==== Data segment ====

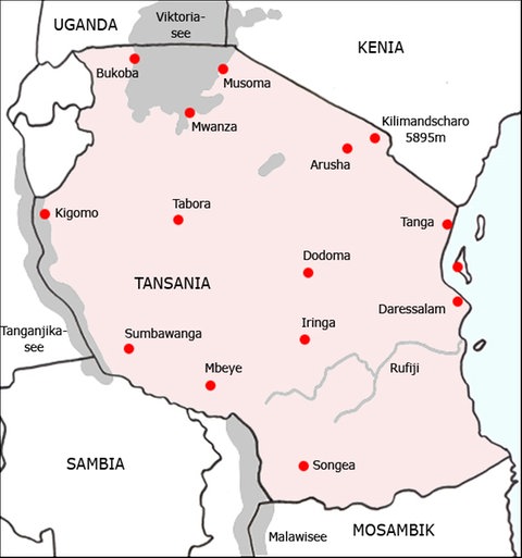 Tansania gehört zu den Staaten des östlichen Afrikas. Der Indische Ozean begrenzt das Land im Osten. Festlandsgrenzen bestehen zu insgesamt acht Nachbarstaaten, beispielsweise zu Kenia im Norden und Mosambik im Süden. Die Hauptstadt ist Dodoma, der Regierungssitz befindet sich in der größten Stadt des Landes Daressalam.
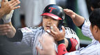 [OSEN=잠실, 박준형 기자] 21일 오후 서울 잠실구장에서 '2019 신한은행 MY CAR KBO리그' LG 트윈스와 KIA 타이거즈의 경기가 진행됐다.1회말 LG 이형종이 솔로홈런을 날린뒤 동료들의 축하를 받고 있다. / soul1014@osen.co.kr
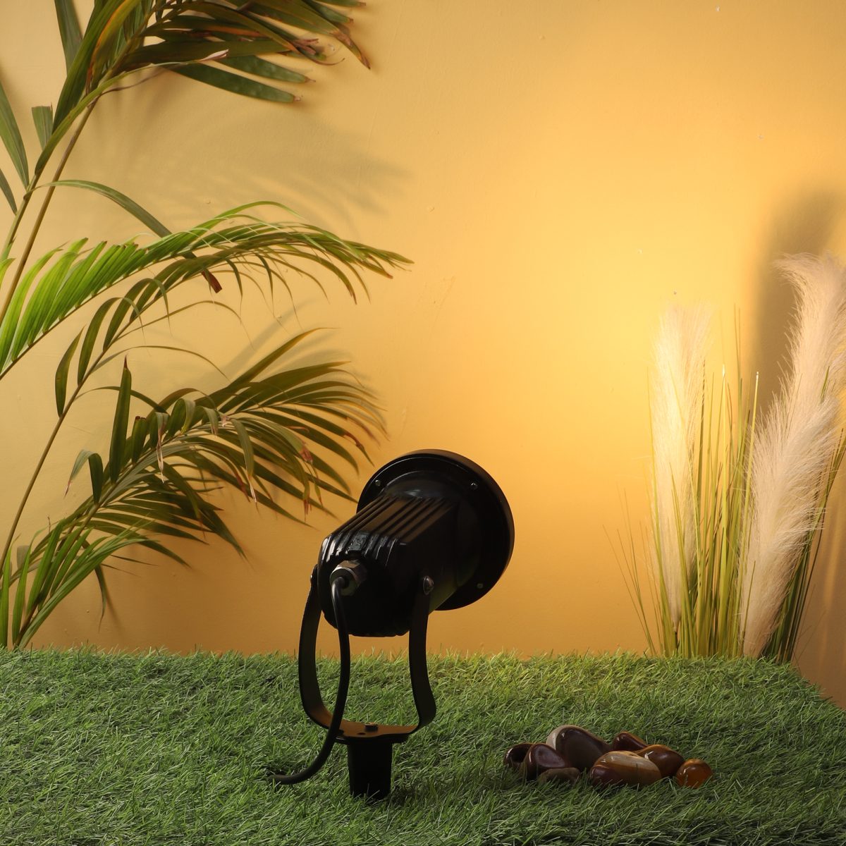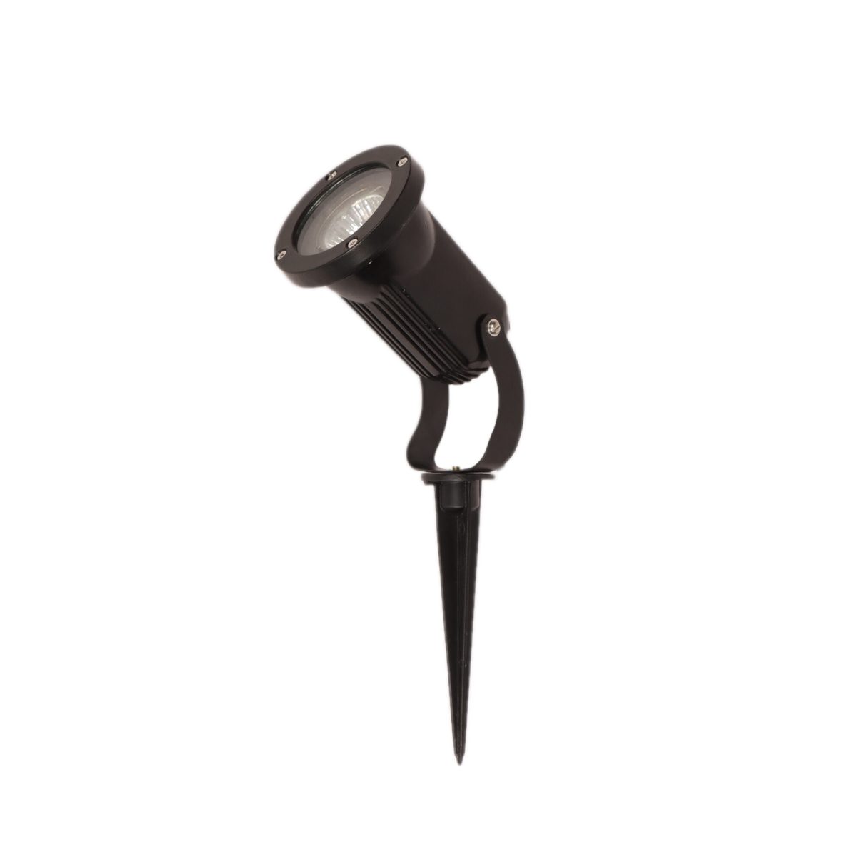Aluminium die cast outdoor spike light It is maintenance free. It uses GU10 LED lamp, which is available locally everywhere in different wattage and colour temperatures. Designed to withstand the harsh conditions of the great outdoors while remaining stylish and functional. Spike lights provide the ultimate flexibility in lighting your garden as they can easily be re positioned when required to illuminate different shrubs and trees throughout the seasons. The head is adjustable allowing you to illuminate any area you desire. Easy for use in gardens small or large. IP 54 rated, protection against splashed water. LAMP NOT INCLUDED.

====

• Task directions
Once the line containing "[OSEN=잠실, 박준형 기자]" has been copied, stop; everything from the first line of the data up to it must be copied exactly, without pictures.

• Response to this task
 Tansania gehört zu den Staaten des östlichen Afrikas. Der Indische Ozean begrenzt das Land im Osten. Festlandsgrenzen bestehen zu insgesamt acht Nachbarstaaten, beispielsweise zu Kenia im Norden und Mosambik im Süden. Die Hauptstadt ist Dodoma, der Regierungssitz befindet sich in der größten Stadt des Landes Daressalam.
 [OSEN=잠실, 박준형 기자] 21일 오후 서울 잠실구장에서 '2019 신한은행 MY CAR KBO리그' LG 트윈스와 KIA 타이거즈의 경기가 진행됐다.1회말 LG 이형종이 솔로홈런을 날린뒤 동료들의 축하를 받고 있다. / soul1014@osen.co.kr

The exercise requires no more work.